Бабушка заставляла меня читать положенные по программе книги заранее, и, если у меня не хватало терпения и интереса, читала вслух сама. Особенно помню чтения “Войны и мира”, ее непонятные, казавшиеся надуманными комментарии: “Ну, тут дальше философия пойдет” или: “Какой язык!” Героев она воспринимала как живых и дорогих людей, помню, как дрогнул ее голос при словах: “Князь Андрей умер”. Все толстовские уловки она принимала за чистую монету, и думаю, не было на свете более благодарного читателя. Священной любовью она любила Дениса Давыдова, Суворова, Кутузова, Багратиона.
Каждое лето ездили в деревню. Юхнов, Кинешма, Скнятино, Белый Городок, Углич, Юхоть. Однажды даже были в Прибалтике – кто-то посоветовал поехать в Клайпеду. Я запомнил очень ветреное море, грохочущие валы, песок. Мы так и не смогли там остановиться из-за проблем с жильем. Долго говорили с тамошним русским милиционером.
– Ну что вы, – говорил он, напряженно морщась, – у них тут в прошлом году чуть ли не восстание было.
На обратном пути ждали где-то пересадки на другой поезд. Я по обыкновению прогуливался по окрестностям. Подошел парень, спросил что-то по-литовски. Я сказал, что не понимаю.
– Почему не понимаешь?
– Я не литовец, русский.
– Живи, где родился, – угрюмо сказал парень. Заговорил о том, как все раньше было – “и колбаса, и мясо”, а как русские стали приезжать, враз все исчезло. И все время ссылался на “старых людей”, которые помнят времена изобилия. В конце концов он почти жаловался, видимо, самому было неудобно от этих чужих мыслей. Вообще Литва показалась неприветливой, и здесь мы с бабушкой говорили мало, просто выбирались из общей передряги.

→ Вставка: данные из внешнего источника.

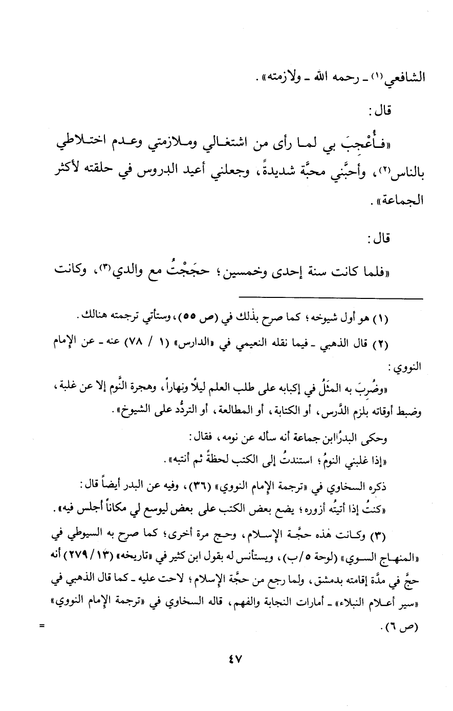 (¬3) وكانت هذه حجة الإسلام، وحج مرة أخرى؛ كما صرح به السيوطي في "المنهاج السوي" (لوحة 5/ ب)، ويستأنس له بقول ابن كثير في "تاريخه" (13/ 279) أنه حج في مدَّة إقامته بدمشق، ولما رجع من حجة الإسلام؛ لاحت عليه -كما قال الذهبي في "سير أعلام النبلاء"- أمارات النجابة والفهم، قاله السخاوي في "ترجمة الإمام النووي" (ص 6).

В старших классах у меня появилось много приятелей, начались гитара, улица. Бабушке все это не нравилось, она боялась, что меня “испортят”, я считал, что она меня позорит своими страхами.
После школы я год работал и на одну из первых зарплат купил магнитофонную приставку и все перезаписывал у товарищей пленки. Особенно много слушал Высоцкого. Бабушка его не принимала, возмущалась: “Почему он так орет?” или: “Он орет, как пьяный мужик”. Однажды я слушал его военные песни, и бабушка оказалась рядом. Это была песня “Разведка боем”. Бабушка очень внимательно слушала: “...паренек, которого не знаю, очень хорошо себя ведет”, а когда прозвучали слова: “Так, с кем обратно идти, где Борисов, где Леонов? И парнишка затих из второго батальона”... бабушкины глаза несуразно покраснели, она сказала что-то хриплое и вышла.
Я все бренчал на гитаре, подражал кому-то, даже сочинял песенки, была одна, конечно же про осень и журавлей. Я исполнял ее по телефону своей подружке, а бабушка случайно сняла трубку параллельного телефона и все слышала, и, видимо, поразило ее, что вот и я, еще мальчишка, а уже заражен осенней тоской. Потом позже бабушка намекнула, напомнила каким-то нехорошим голосом про этих “Журавлей”. Мол, спел бы, а я застеснялся, забурчал и так никогда ничего и не спел ей.
Помню, грубил ей и все, естественно, из-за пустяков. Из-за того, что вот она неправильно понимает моих друзей, называет их “великовозрастными балбесами” или как-то не так говорит некоторые слова, глотает гласные, “паралич” называет “пралич”, а “университет” – “универстет”. Что все боится за меня, что ничего не понимает в мужских делах.
Однажды я жестоко напился со старшими товарищами, студентами, пили в стекляшке пиво, потом сухое и портвейн в сквериках, все без закуски, с кем-то знакомились, корешились, потом компания как-то рассосалась и я поехал домой, еле прорвавшись в метро. Приплелся еле-еле, помню рывками ползущий асфальт под ногами, казалось, будто толкаю весь земной шар, пришел домой, скандалил, рухнул не раздеваясь на диван. Проснулся в семь утра от бабушкиного голоса, она звала маму, голос был настойчивый, тревожный: она не могла встать. Бабушку разбил паралич, отнялась половина тела. Через год, правда, она отошла, но дальше ее ждал рак легких, она не переставая кашляла. Последние недели она прожила на уколах. По сравнению с ее болями моя теперешняя возня с головой выглядела смешно.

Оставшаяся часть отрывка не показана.